Because the pacemaker system is involved in several of the box jellyfish behaviours it seems to be the ideal system to investigate how the visual input influences these behaviours. Among other things, it offers the possibility to examine if parts of the rhopalial nervous system integrate information from several eye types or if the modulations of the pacemaker are governed by a single eye type only. In the present study we examine the visual control of the swim pacemaker of the Caribbean box jellyfish T. cystophora. We record the pacemaker signals while stimulating one eye at a time with white light of a range of different intensities. The results demonstrate that stimulating the upper lens eye (ULE), the pit eyes (PE) or the neuropil (NP) has similar effects whereas stimulation of the lower lens eye (LLE) has the opposite effect.

Adult medusae (7-9 mm in bell diameter) of Tripedalia cystophora Conant 1897 were obtained from our cultures at the University of Copenhagen, Denmark. In the cultures the medusae are kept in a 200 l tank with circulating seawater at 25‰ and about 28°C and fed SELCO (INVE Technologies, Dendermonde, Belgium)-enriched Artemia daily. They reach adult size in 2-3 months.

A rhopalium was cut off approximately midway along the stalk with a pair of fine scissors and transferred using a pipette to a small Petri dish containing seawater. The seawater was kept at a temperature of 28±0.5 deg. using a Peltier element. In the Petri dish the rhopalium was held by a micropipette at the area of the crystal, which allowed for orienting the rhopalium such that there was access to all four eye types. Under a dissection microscope a glass suction electrode [for electrode details, see Derby (Derby, 1995)] was applied to the cut surface of the rhopalial stalk in the area of the epidermal nerve. The suction electrode was moved around until the regular activity pattern of the pacemaker was seen where after the rhopalium was left to dark adapt for 3 min.

A Linos microbench system was used for light stimulation. Light from an ultra bright white LED (Luxeon III star, Philips, San Jose, CA, USA) was focused into a quartz light guide, 50μm in diameter. The light guide was arranged in the Petri dish such that the light shone directly into either one of the PE, the ULE, the LLE or one of the slit eyes (SE). Due to the small diameter of the light guide, direct light could be limited to the eye type of interest only. The maximum intensity was 1.1×10⁵ W sr⁻¹ m⁻² when integrated between 350 and 750 nm and measured at the tip of the light guide (ILT900W spectroradiometer, International Lights Technologies, Peabody, MA, USA). The LED was controlled via a NI6229 A/D converter (National Instruments, Austin, TX, USA) and a custom made program for LabView 8.5 (National Instruments).

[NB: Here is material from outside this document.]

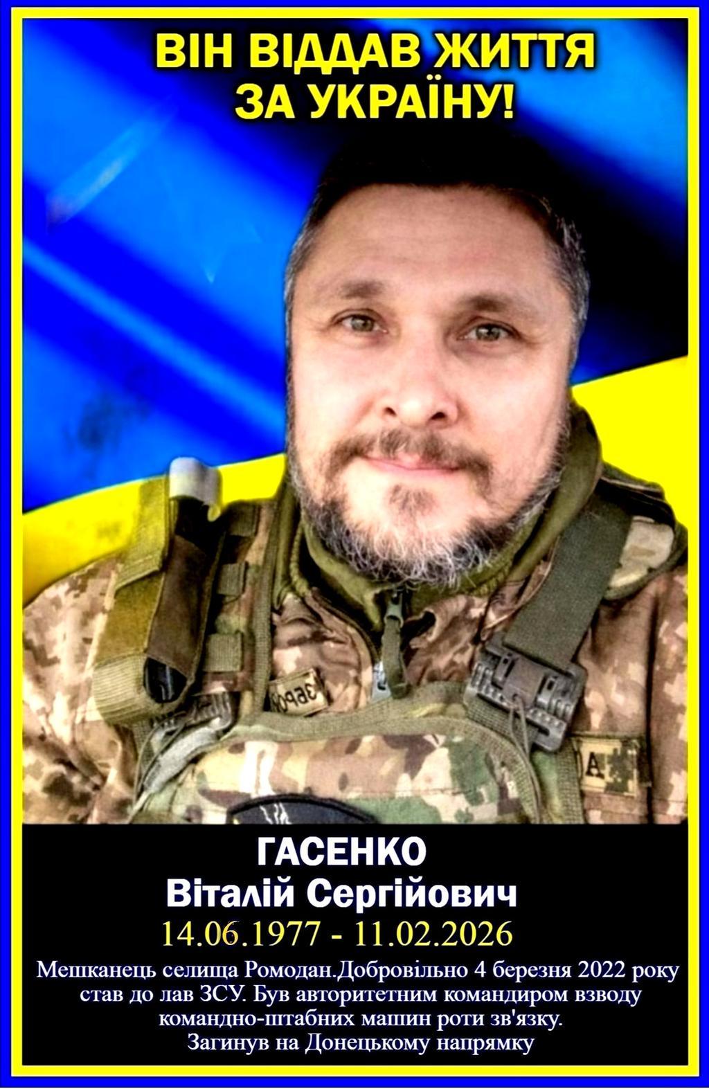 18 лютого, у Ромоданівській громаді провели в останню путь земляка, мужнього Захисника, головного сержанта Гасенка Віталія Сергійовича (14.06.1977 – 11.02.2026).

The electrophysiological experiments tested the response to sudden changes in light intensities covering a range of approximately 1.1 log units (from 8.7×10³ W sr⁻¹ m⁻² to 1.1×10⁵ W sr⁻¹ m⁻²) in five steps. To ensure maximum health of the preparation, only one or two rhopalia were used from each medusa and only one eye from each rhopalium. The protocol for each eye contained five consecutive recordings and only data from preparations that lasted a full protocol were used. Each recording started with 1 min of darkness (<1×10⁻³ W sr⁻¹ m⁻²) followed by 3 min of light and then 3 min of darkness, giving the protocol a total duration of 35 min. Due to some indications of long-term adaptations half of the trials were started from the low intensity end and the other half from the high intensity end. All four eye types were tested (N=10 for each eye type). Control recordings were done (i) with the light guide aimed at the neuropil from above besides the stalk base (no eye was stimulated directly), which resulted in light scattered throughout most of the NP (Fig. 1D) and (ii) in 35 min of darkness. The neuropil was chosen as a control because leakiness of the PE and the ULE and the small size of the SE and PE result in illumination of the neuropil when working with these eyes (Fig. 1). For organisation of the NP see Skogh et al. (Skogh et al., 2006). A possible concern is heating of the preparation during the 3 min of stimulation but because we used a LED and light guide system heat transmission is minimal. Further, heating caused by photon absorption should be less than what they will experience under natural conditions where they are exposed to close to full sunlight (Stewart, 1996).

The recorded signals were amplified 1000 times (1700 differential AC amplifier from A-M systems, Carlsborg, WA, USA) and filtered through high- and low-pass filters in the amplifier (0.1 and 1000 Hz, respectively). The amplifiers 50 Hz notch filter was also used. All recordings lasted 7 min and were stored and analysed on a laptop using the NI6229 A/D converter and the program Igor Pro 6.03A (WaveMetrcs Inc., Lake Oswego, OR, USA) with a NeuroMatic add-on.

When recording from the rhopalial stalk the pacemaker signal is not represented by discrete action potentials but rather by complex signals of long duration as described earlier (Garm and Bielecki, 2008). This is evident from the highly variable amplitude seen in Fig. 2A. In constant darkness the pacemaker has a mean frequency close to 1 Hz when measured over minutes. This frequency is rather variable and at times the activity occurs in bursts (Fig. 2B).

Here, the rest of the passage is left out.